File retention mechanism in a large data storage

Question

recently I faced performance problem with mp4 files retention. I have kind a recorder which saves 1 min long mp4 files from multiple RTSP streams. Those files are stored on external drive in file tree like this:

./recordings/{camera_name}/{YYYY-MM-DD}/{HH-MM}.mp4

Apart from video files, there are many other files on this drive which are not considered (unless they have mp4 extension), as they took much less space.

Assumption of file retention is as follows. Every minute, python script that is responsible for recording, check for external drive fulfillment level. If the level is above 80%, it performs a scan of the whole drive, and look for .mp4 files. When scanning is done, it sorts a list of files by its creation date, and deletes the number of the oldest files which is equal to the cameras number.

The part of the code, which is responsible for files retention, is shown below.

total, used, free = shutil.disk_usage("/home")
used_percent = int(used / total * 100)
if used_percent > 80:
    logging.info("SSD usage %s. Looking for the oldest files", used_percent)
    try:
        oldest_files = sorted(
            (
                os.path.join(dirname, filename)
                for dirname, dirnames, filenames in os.walk('/home')
                for filename in filenames
                if filename.endswith(".mp4")
            ),
            key=lambda fn: os.stat(fn).st_mtime,
        )[:len(camera_devices)]
        logging.info("Removing %s", oldest_files)
        for oldest_file in oldest_files:
            os.remove(oldest_file)
            logging.info("%s removed", oldest_file)
    except ValueError as e:
        # no files to delete
        pass

(/home is external drive mount point)

The problem is that this mechanism used to work as a charm, when I used 256 or 512 GB SSD. Now I have a need of larger space (more cameras and longer storage time), and it takes a lot of time to create files list on larger SSD (from 2 to 5 TB now and maybe 8 TB in the future). The scanning process takes a lot more than 1 min, what could be resolved by performing it more rarely, and extending the length of "to delete" files list. The real problem is, that the process uses a lot of CPU load (by I/O ops) itself. The performance drop is visible is the whole system. Other applications, like some simple computer vision algorithms, works slower, and CPU load can even cause kernel panic.
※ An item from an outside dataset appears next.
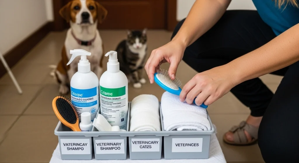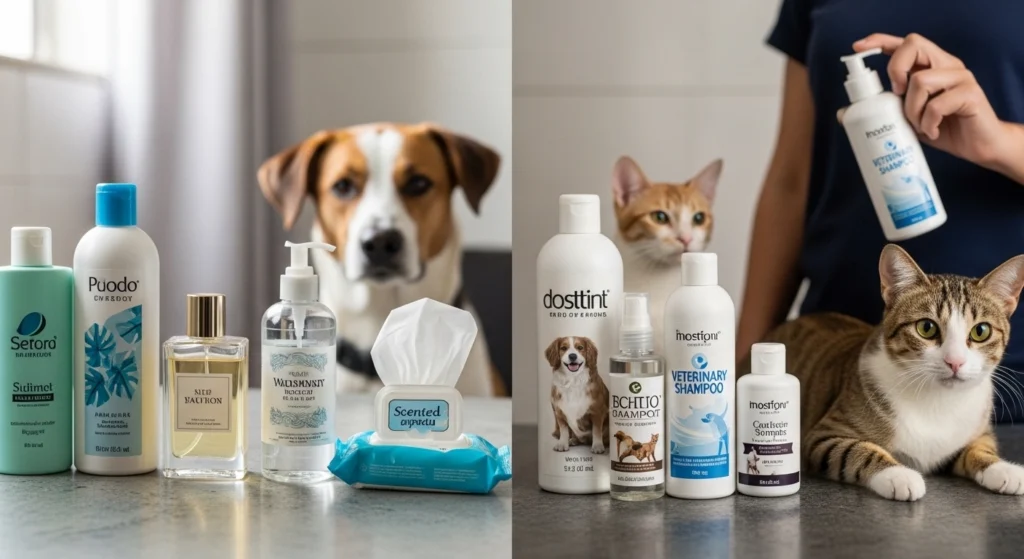 Os itens que mais merecem veto claro são os de uso humano, os de limpeza doméstica e os de uso veterinário fora da indicação correta. Isso inclui shampoo humano, sabonete corporal, sabonete antibacteriano, perfume, colônia, álcool, água oxigenada, lenço perfumado, antisséptico sem prescrição e produtos antiparasitários de outra espécie.

The HW I work on is Nvidia Jetson Nano and Xavier NX. Both devices have problem with performance as I described above.

The question is if you know some algorithms or out of the box software for file retention that will work on the case I described. Or maybe there is a way to rewrite my code, to let it be more reliable and perform?

EDIT:

I was able to lower os.walk() impact by limit space to check.Now I just scan /home/recordings and /home/recognition/ which also lower directory tree (for recursive scan). At the same time, I've added .jpg files checking, so now I look from both .mp4 and .jpg. Result is much better in this implementation.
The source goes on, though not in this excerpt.